Blob Blame History Raw
From 37d60b626fcb3e3f68b02c2c24e4ae5149cf223f Mon Sep 17 00:00:00 2001
From: Marek Blaha <mblaha@redhat.com>
Date: Thu, 23 Jul 2020 16:27:22 +0200
Subject: [PATCH] [reposync] Add latest NEVRAs per stream to download (RhBug:
 1833074)

This covers situation when package with the newest NEVRA is part of
an older version of a stream and reposync was used with --newest-only
switch.
With this patch these package versions are going to be downloaded:
- the latest NEVRAs from non-modular packages
- all packages from stream version with the latest package NEVRA (in
  case the latest NEVRA is part of multiple stream versions only the
  highest is downloaded)
- all packages from the latest stream version

https://bugzilla.redhat.com/show_bug.cgi?id=1833074
---
 plugins/reposync.py | 53 ++++++++++++++++++++++++++++++++++++---------
 1 file changed, 43 insertions(+), 10 deletions(-)
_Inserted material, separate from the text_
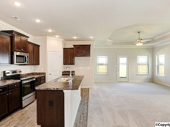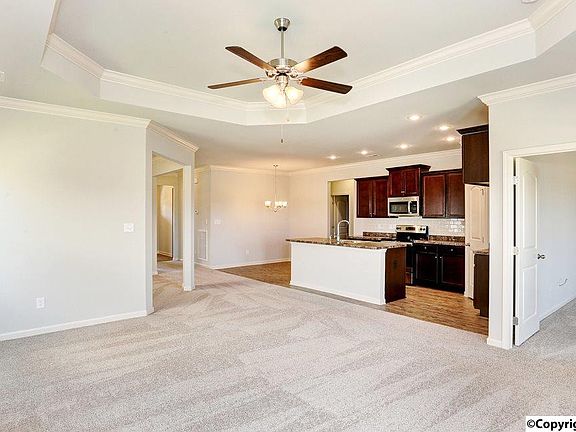 Awesome 4 bedroom+flex 2 bath 1932 sq ft home w/ open concept! Spacious kitchen includes recessed lighting, tile backsplash, Large corner pantry & island. Crown molding throughout main areas. Ceiling fan in great rm & master. 10x16 covered back porch. Conveniently located btw Zierdt Rd & Wall Triana, just mins away from Redstone Arsenal, Boeing, & I-565. River Landing offers resort style living w/ over $1M worth of amenities--pools, clubhouses, fitness center, tennis/basketball/volleyball courts & playground. New Incentive: up to 3% closing cost paid plus no origination fee w/preferred lender.

diff --git a/plugins/reposync.py b/plugins/reposync.py
index 548a05b4..7556e7eb 100644
--- a/plugins/reposync.py
+++ b/plugins/reposync.py
@@ -207,27 +207,60 @@ def download_metadata(self, repo):
 
     def _get_latest(self, query):
         """
-        return query with latest nonmodular package and all packages from latest version per stream
+        return union of these queries:
+        - the latest NEVRAs from non-modular packages
+        - all packages from stream version with the latest package NEVRA
+          (this should not be needed but the latest package NEVRAs might be
+          part of an older module version)
+        - all packages from the latest stream version
         """
         if not dnf.base.WITH_MODULES:
             return query.latest()
+
         query.apply()
         module_packages = self.base._moduleContainer.getModulePackages()
         all_artifacts = set()
         module_dict = {}  # {NameStream: {Version: [modules]}}
+        artifact_version = {} # {artifact: {NameStream: [Version]}}
         for module_package in module_packages:
-            all_artifacts.update(module_package.getArtifacts())
+            artifacts = module_package.getArtifacts()
+            all_artifacts.update(artifacts)
             module_dict.setdefault(module_package.getNameStream(), {}).setdefault(
                 module_package.getVersionNum(), []).append(module_package)
-        non_modular_latest = query.filter(
+            for artifact in artifacts:
+                artifact_version.setdefault(artifact, {}).setdefault(
+                    module_package.getNameStream(), []).append(module_package.getVersionNum())
+
+        # the latest NEVRAs from non-modular packages
+        latest_query = query.filter(
             pkg__neq=query.filter(nevra_strict=all_artifacts)).latest()
-        latest_artifacts = set()
-        for version_dict in module_dict.values():
-            keys = sorted(version_dict.keys(), reverse=True)
-            for module in version_dict[keys[0]]:
-                latest_artifacts.update(module.getArtifacts())
-        latest_modular_query = query.filter(nevra_strict=latest_artifacts)
-        return latest_modular_query.union(non_modular_latest)
+
+        # artifacts from the newest version and those versions that contain an artifact
+        # with the highest NEVRA
+        latest_stream_artifacts = set()
+        for namestream, version_dict in module_dict.items():
+            # versions that will be synchronized
+            versions = set()
+            # add the newest stream version
+            versions.add(sorted(version_dict.keys(), reverse=True)[0])
+            # collect all artifacts in all stream versions
+            stream_artifacts = set()
+            for modules in version_dict.values():
+                for module in modules:
+                    stream_artifacts.update(module.getArtifacts())
+            # find versions to which the packages with the highest NEVRAs belong
+            for latest_pkg in query.filter(nevra_strict=stream_artifacts).latest():
+                # here we depend on modules.yaml allways containing full NEVRA (including epoch)
+                nevra = "{0.name}-{0.epoch}:{0.version}-{0.release}.{0.arch}".format(latest_pkg)
+                # download only highest version containing the latest artifact
+                versions.add(max(artifact_version[nevra][namestream]))
+            # add all artifacts from selected versions for synchronization
+            for version in versions:
+                for module in version_dict[version]:
+                    latest_stream_artifacts.update(module.getArtifacts())
+        latest_query = latest_query.union(query.filter(nevra_strict=latest_stream_artifacts))
+
+        return latest_query
 
     def get_pkglist(self, repo):
         query = self.base.sack.query(flags=hawkey.IGNORE_MODULAR_EXCLUDES).available().filterm(